[HN Gopher] How to pack ternary numbers in 8-bit bytes
___________________________________________________________________
How to pack ternary numbers in 8-bit bytes
Author : todsacerdoti
Score : 65 points
Date : 2024-12-05 15:51 UTC (7 hours ago)
(HTM) web link (compilade.net)
(TXT) w3m dump (compilade.net)
| sigmoid10 wrote:
| >I'll be calling a "ternary digit" a "trit", like a "binary
| digit" is called a "bit".
|
| Shouldn't it be a "tit" if you want to be consistent? In fact,
| please let's make that happen. The HR execs are gonna go crazy
| when they hear the devs talking about tits all day.
| jgtrosh wrote:
| Wait till you learn what the french pronunciation of bit sounds
| like
| foxyv wrote:
| They were talking about tits and killing children! I think we
| have a satanic cult in our IT department.
| koolba wrote:
| " _And then he said the way to become a demon was to kill his
| parent!_ "
| zamadatix wrote:
| It's a joke comment but it made me realize people see the "bit"

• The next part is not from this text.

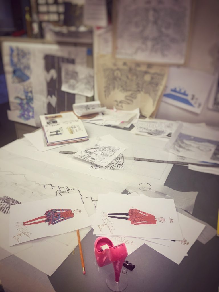 She begins a new fashion collection much as she starts on a new opera. Referring to her sketchbooks and to older collections, she starts sketching new ideas. Strong influences from nature merge with visual themes from world history, architecture, and sometimes pop culture. Her work is unapologetically feminine, whimsical, bold, at times romantic, at times futuristic, with influences from all over the world and from almost any historical era. Looking at her 2016 collection I remarked on how feminine it is, with its ample bows and long flowing dresses. “You get to be your own private princess for a day.”She chuckled. “I certainly hope so. So much goes into making them you want them to be magical.”
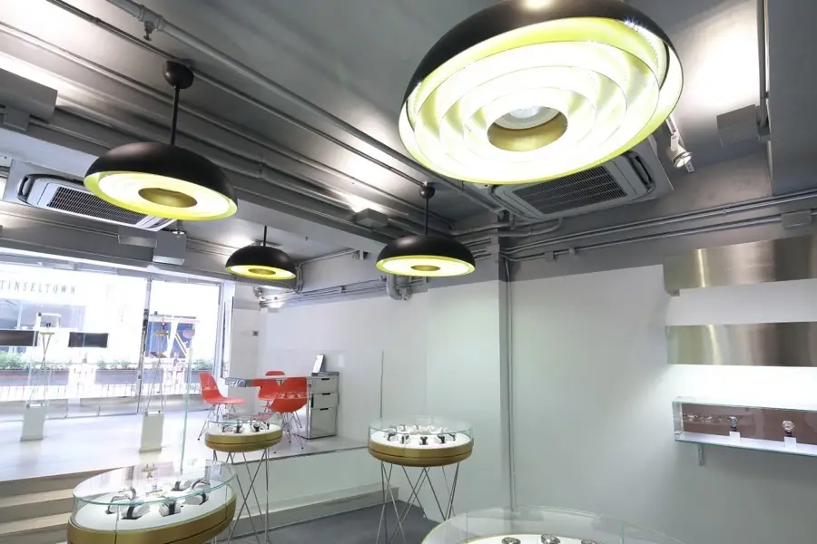 Nada más entrar en la tienda, llaman la atención las paredes blancas y plateadas de la tienda, que contrastan con las lámparas, muebles y accesorios coloridos de los años 50 y 60 que la decoran. Un espacio retro pero innovador al mismo tiempo, en el que se pueden admirar, ver y tocar todas las creaciones con las que año tras año nos sorprende la firma.

| shortening coming about differently. It could be any one of
| (and maybe even more, I just had to stop thinking about this
| before I ended up spending all day on it):
|
| - BInary digiT [BIT]
|
| - BInary digIT [BIT[ (i.e. "merge on the shared vowel")
|
| - Binary digIT [BIT]
|
| That's consistent with the common usage of trit if you take it
| as a "trinary digit":
|
| - TRInary digiT [TRIT]
|
| - TRInary digIT [TRIT]
|
| - TRinary digIT [TRIT]
|
| But if you're one to stick to ternary digit then you can end up
| with all sorts of unique combos:
|
| - TErnary digiT [TET]
|
| - TErnary digIT [TEIT] (no shared vowel to merge on)
|
| - Ternary digIT [TIT] (the above humor)
|
| Personally, the middle options for the first 2 sections (BIT
| and TRIT via shared vowel) are what I always mentally jumped
| to. If I was going to stick with "ternary" terminology I think,
| from a pure mapping of mental mechanics, I'd have ended up on
| TET (i.e. when there is no shared vowel assume the vowel was
| from the first word instead of the 2nd). The problem with that
| being TET conflicts with base 4, leaving you with either the
| awkward double vowel or the awkward end vowel pull. Or just
| calling it a trinary digit where you get the same consistency
| results as from BIT.
|
| Thank you for coming to my TED talk (the things a hacker thinks
| about while burning their PTO I suppose?)
| beng-nl wrote:
| I look forward to your thesis.
| sigmoid10 wrote:
| Nice analysis, but you missed the most obvious one, which is
| also what I was deriving from in the above comment:
| Pronunciation. The "i" in "bit" is pronounced exactly like
| the second "i" in "digit" and not like the "i" in "binary",
| which sounds more like the "i" in bite. So the "it" in "bit"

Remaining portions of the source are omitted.